**EXERCISE DIRECTIONS:** Would you print out all of the data exactly and keep the pictures out of it?

+++ DATASET CONTENT +++

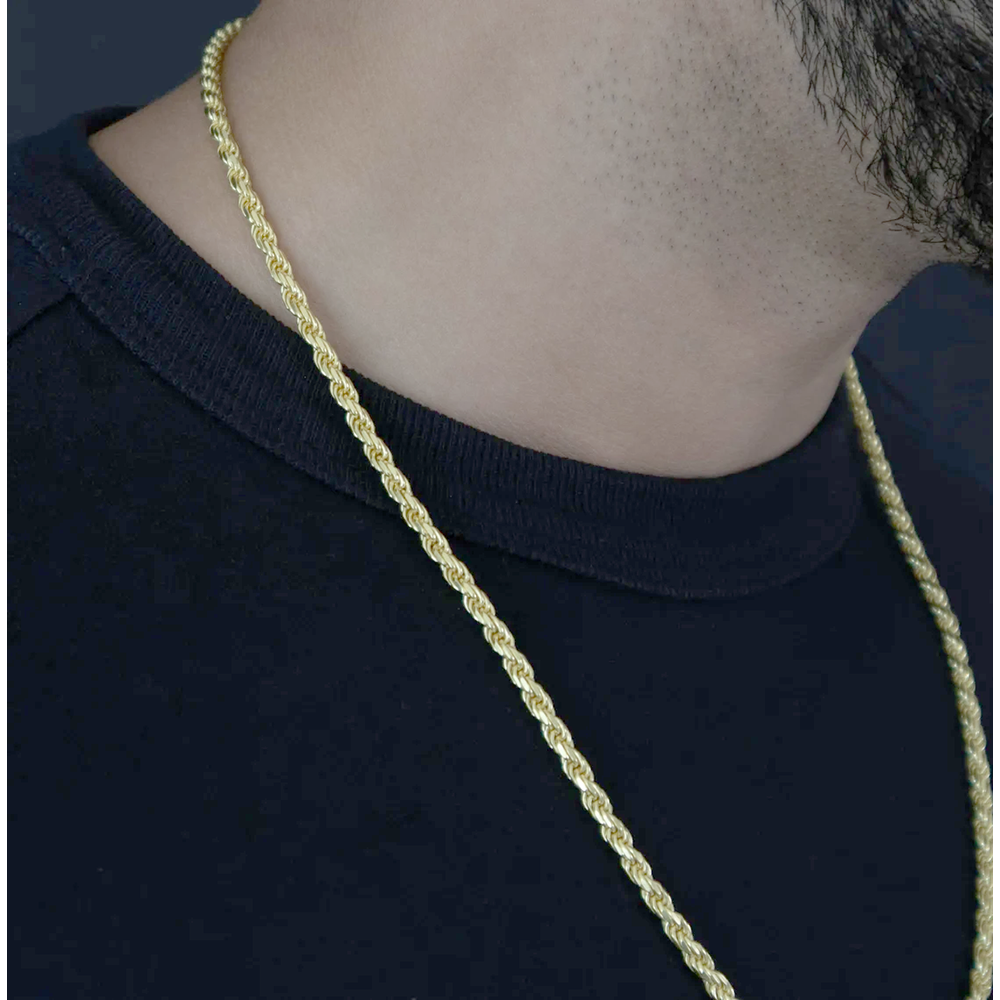 Introducing the newest addition to your wardrobe: 18K-Yellow-Gold Plated 2.2mm Sterling Silver Diamond-Cut Rope Chain! This stylish and unique piece is great for women or men. Its 2.2mm chain width is gold plated over sterling silver and features a lobster lock closure. Plus, it's hypoallergenic, so you know it's of high quality and safe for all skin types.
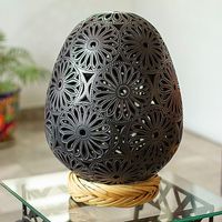 Large Oaxaca Black Pottery Floral Egg Shaped Sculpture 'Floral Egg' Item ID: 2671808858
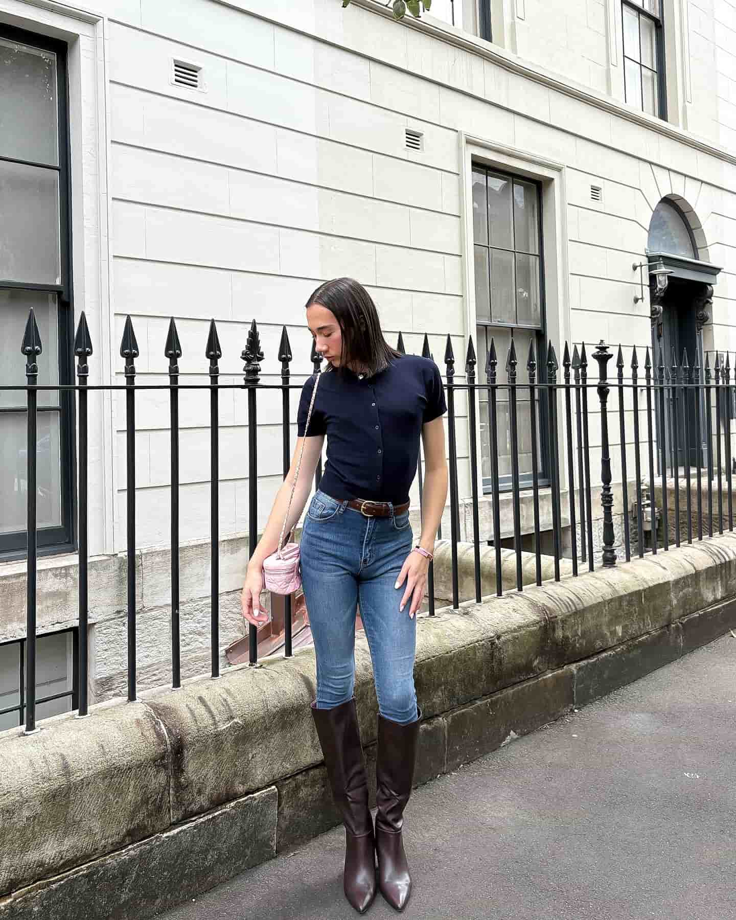 Jedan od najjednostavnijih i najelegantnijih načina da se uske farmerke nose na moderan način jeste da se uvuku u visoke čizme. Ovaj stil vraća u modu duh jahačkih i vojničkih uticaja, koji su uvek popularni tokom hladnijih meseci. Čizme do kolena, posebno u tamnim tonovima poput crne ili tamnobraon, savršeno se slažu sa užim nogavicama farmerki. Uz to, dodatkom dugačkog blejzera, klasične košulje ili rolke i strukturirane torbe stvara se autfit koji je istovremeno sofisticiran i pogodan za poslovno okruženje. Ova kombinacija naglašava vertikalne linije tela, čime vizuelno izdužuje figuru i unosi dozu formalnosti čak i u ležerne prilike.
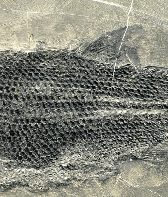 Sinoeugnathus kuichouensisClass Actinopterygii, Order Paleonisciformes, Family Paleoniscidae Geologic Time: Triassic Size (25.4mm=1 inch): Fish fossil 20 cm (8”) in length on a 27.7 cm x 13 cm (5.5 x 11”) plate Fossil Site: Huixia Beds, Guanglin, Guizhou Province, China Code: PFF211 Price: Sold |

+++

**ANSWER TO THIS EXERCISE:**
 Introducing the newest addition to your wardrobe: 18K-Yellow-Gold Plated 2.2mm Sterling Silver Diamond-Cut Rope Chain! This stylish and unique piece is great for women or men. Its 2.2mm chain width is gold plated over sterling silver and features a lobster lock closure. Plus, it's hypoallergenic, so you know it's of high quality and safe for all skin types.
 Large Oaxaca Black Pottery Floral Egg Shaped Sculpture 'Floral Egg' Item ID: 2671808858
 Jedan od najjednostavnijih i najelegantnijih načina da se uske farmerke nose na moderan način jeste da se uvuku u visoke čizme. Ovaj stil vraća u modu duh jahačkih i vojničkih uticaja, koji su uvek popularni tokom hladnijih meseci. Čizme do kolena, posebno u tamnim tonovima poput crne ili tamnobraon, savršeno se slažu sa užim nogavicama farmerki. Uz to, dodatkom dugačkog blejzera, klasične košulje ili rolke i strukturirane torbe stvara se autfit koji je istovremeno sofisticiran i pogodan za poslovno okruženje. Ova kombinacija naglašava vertikalne linije tela, čime vizuelno izdužuje figuru i unosi dozu formalnosti čak i u ležerne prilike.
 Sinoeugnathus kuichouensisClass Actinopterygii, Order Paleonisciformes, Family Paleoniscidae Geologic Time: Triassic Size (25.4mm=1 inch): Fish fossil 20 cm (8”) in length on a 27.7 cm x 13 cm (5.5 x 11”) plate Fossil Site: Huixia Beds, Guanglin, Guizhou Province, China Code: PFF211 Price: Sold |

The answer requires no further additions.